Arts >> Art >> Pop Art

How American Pop Culture Has Affected Art

American popular culture has had a strong effect on art practice since the early twentieth century. Both European artists, such as Marcel Duchamp, and American artists, such as Andy Warhol, most famously, have used American popular culture as inspiration.

The late twentieth century, after the advent of Pop art, and beyond has seen a range of approaches to popular culture. With the development of new media and technologies, such as mass reproduction and the widespread use of computers and the Internet, artists have increasingly engaged with the fabric of everyday American life.
  1. European Artists and the New York Art Scene in the Early Twentieth Century

    • Marcel Duchamp came to New York City in the middle of the 1910s. Duchamp, like his French artist colleagues Francis Picabia and Fernand Léger, was fascinated by what he saw as the youthful and vibrant American popular culture. During World War I and beyond, many European artists saw European culture as too traditional, too hidebound and locked in ancient conflicts. Until this point many artists (American as well as European) saw the United States art scene as provincial and unsophisticated.
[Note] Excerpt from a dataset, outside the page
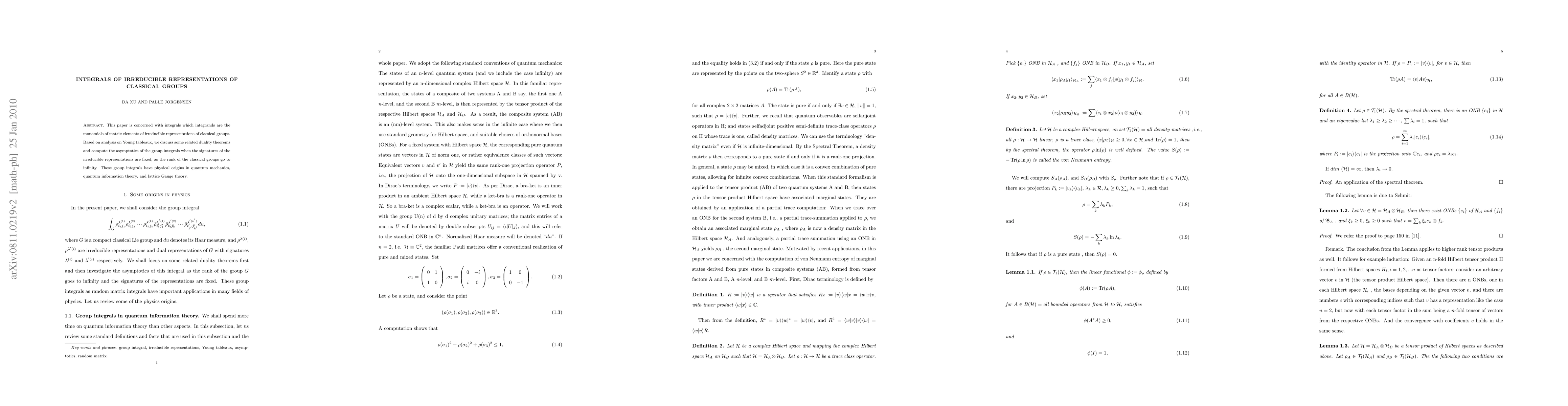 This paper is concerned with integrals which integrands are the monomials of matrix elements of irreducible representations of classical groups. Based on analysis on Young tableaux, we discuss some related duality theorems and compute the asymptotics of the group integrals when the signatures of the irreducible representations are fixed, as the rank of the classical groups go to infinity. These group integrals have physical origins in quantum mechanics, quantum information theory, and lattice Gauge theory.

However, French artists applauded American technologies and engineering, factory-made goods and American popular art forms like jazz and comic strips.

    Duchamp's "Fountain"

    • In 1917, Duchamp submitted "Fountain," to the Society of Independent Artists exhibition. "Fountain" was a urinal that Duchamp purchased from the J.L. Mott Iron Works, Inc., a urinal that Duchamp turned upside down and signed "R. Mutt 1917."

      Though Duchamp was a board member of the Society of Independent Artists, none on the board knew that Duchamp was the actual artist of "Fountain." Though the Society's group exhibition purported to be open to any artist that paid the entrance fee and submitted no more than two works, the Society's board rejected "Fountain," and Duchamp immediately resigned, claiming that the Society was not as progressive and modern as they claimed to be.

      "Fountain" is now considered one of the greatest works of the twentieth century, as it radically changed what artists, critics and art historians consider as "art." Duchamp took an object made by a machine, an object that he found, and called it "art." Here, the artwork is in the idea of the artist rather than the craftsmanship of his hand.

    "Fountain" and American Pop Culture

    • Though "Fountain" was in part a radical comment on the definition of art, the urinal was also Duchamp's meditation on the American culture that he found so engaging. A recent immigrant to the United States, Duchamp was fascinated by American plumbing.

      In France at the time, men urinated in "pissoirs," long trenches in the ground without privacy screens. For Duchamp, the clean lines of American urinals were extremely modern. Moreover, they exemplified what Duchamp saw as American puritanism--Europeans were freer about urination, sex and genitalia, while Americans saw these as private.

    Pop Art

    • After World War II, in the 1950s and 1960s, Pop art exploded in the United States and England, in the works of Richard Hamilton, Andy Warhol and Claes Oldenburg.

      Hamilton and Warhol used the aesthetics of mass consumerism and youth culture--celebrities, repeating images, magazines and so forth--as a critique of modernist ideals of pure form and materiality. As opposed to their Abstract Expressionist predecessors, Pop artists insisted on an open and non-judgmental approach to cultural phenomena. As Lawrence Alloway wrote:

      "We felt none of the dislike of contemporary culture standard among most intellectuals, but accepted it as fact, discussed it in detail, and consumed it enthusiastically...We assumed an anthropological definition of culture in which all types of human activity were the subject of aesthetic judgment and attention."

    Digital Media and the Internet

    • Since the mid-1990s, contemporary artists have engaged with the aesthetics and implications of widespread Internet use. For example, a number of artists have started "surf clubs," group artist blogs where artists surf the Internet for images and video, alter the data in some way, and then re-post the material. Here, the art not only takes popular culture and mass media as its source material, but displays that art in a mass media venue.